== Data section ==

▽

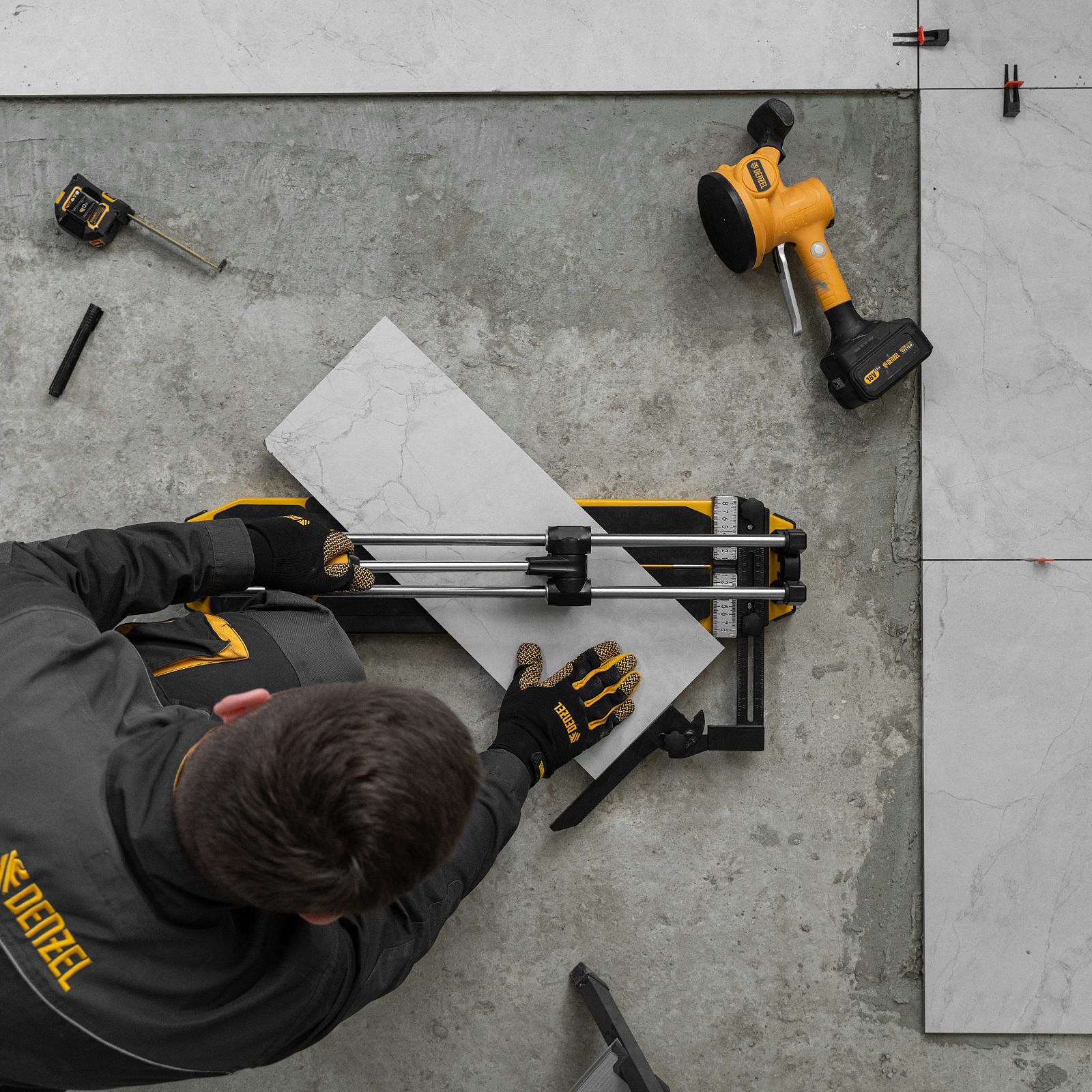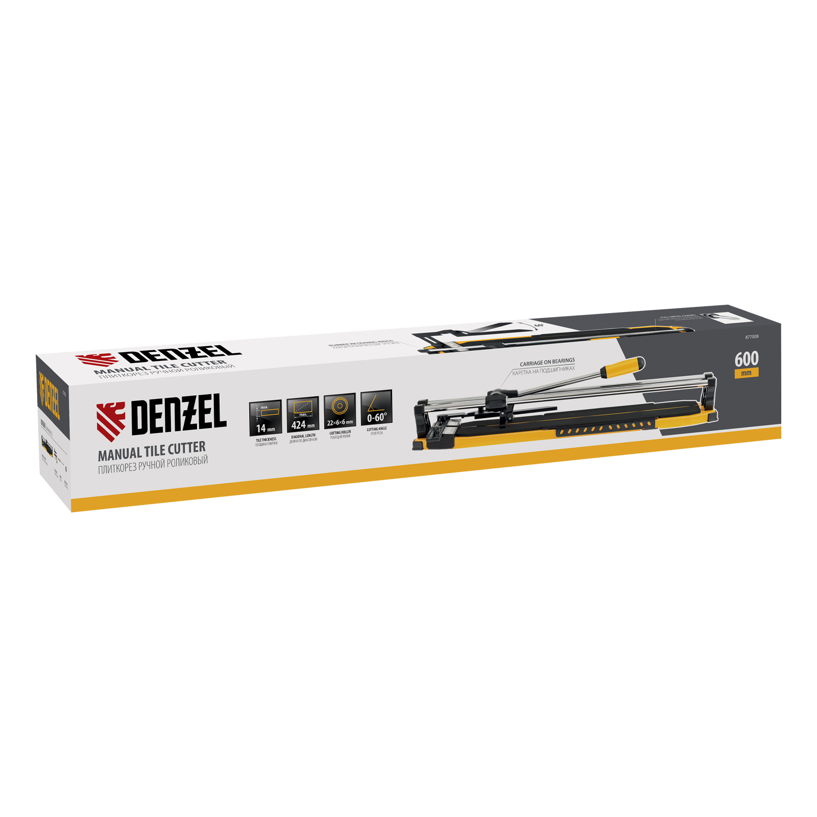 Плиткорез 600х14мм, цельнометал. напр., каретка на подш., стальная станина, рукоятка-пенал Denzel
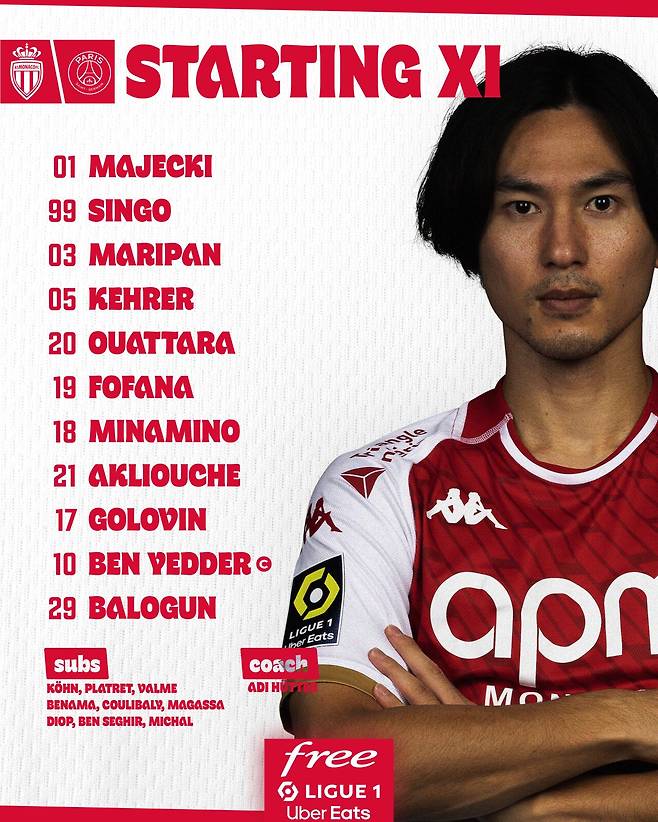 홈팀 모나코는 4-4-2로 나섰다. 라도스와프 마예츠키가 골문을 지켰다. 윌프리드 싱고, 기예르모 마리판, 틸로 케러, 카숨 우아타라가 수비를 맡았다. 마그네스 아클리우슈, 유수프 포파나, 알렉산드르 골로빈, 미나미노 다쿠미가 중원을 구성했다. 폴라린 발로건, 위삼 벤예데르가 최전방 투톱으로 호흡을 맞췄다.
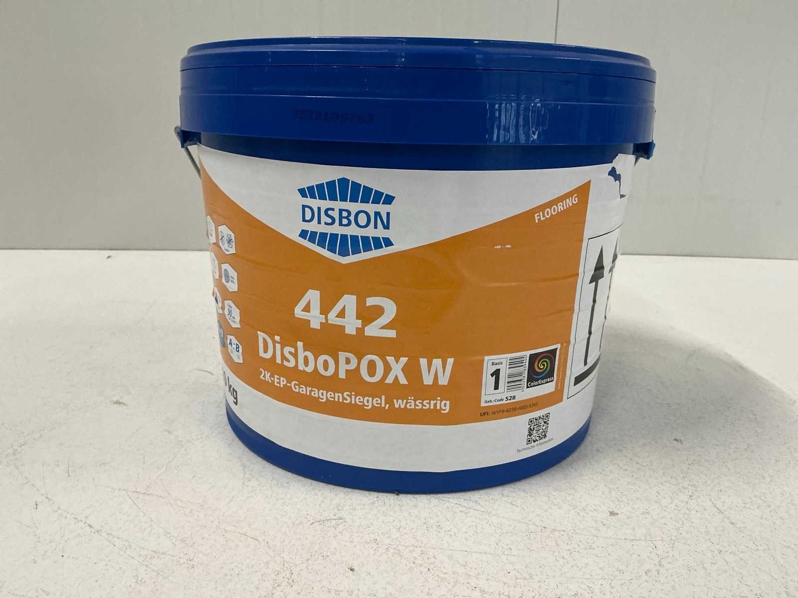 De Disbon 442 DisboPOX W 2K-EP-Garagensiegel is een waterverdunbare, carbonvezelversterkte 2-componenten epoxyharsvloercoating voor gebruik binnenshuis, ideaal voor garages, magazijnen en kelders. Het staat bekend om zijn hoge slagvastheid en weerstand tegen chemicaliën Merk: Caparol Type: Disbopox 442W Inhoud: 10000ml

△

== About this exercise ==
Would you write out the data exactly, with no pictures in the copy?

== Solved exercise ==
 Плиткорез 600х14мм, цельнометал. напр., каретка на подш., стальная станина, рукоятка-пенал Denzel
 홈팀 모나코는 4-4-2로 나섰다. 라도스와프 마예츠키가 골문을 지켰다. 윌프리드 싱고, 기예르모 마리판, 틸로 케러, 카숨 우아타라가 수비를 맡았다. 마그네스 아클리우슈, 유수프 포파나, 알렉산드르 골로빈, 미나미노 다쿠미가 중원을 구성했다. 폴라린 발로건, 위삼 벤예데르가 최전방 투톱으로 호흡을 맞췄다.
 De Disbon 442 DisboPOX W 2K-EP-Garagensiegel is een waterverdunbare, carbonvezelversterkte 2-componenten epoxyharsvloercoating voor gebruik binnenshuis, ideaal voor garages, magazijnen en kelders. Het staat bekend om zijn hoge slagvastheid en weerstand tegen chemicaliën Merk: Caparol Type: Disbopox 442W Inhoud: 10000ml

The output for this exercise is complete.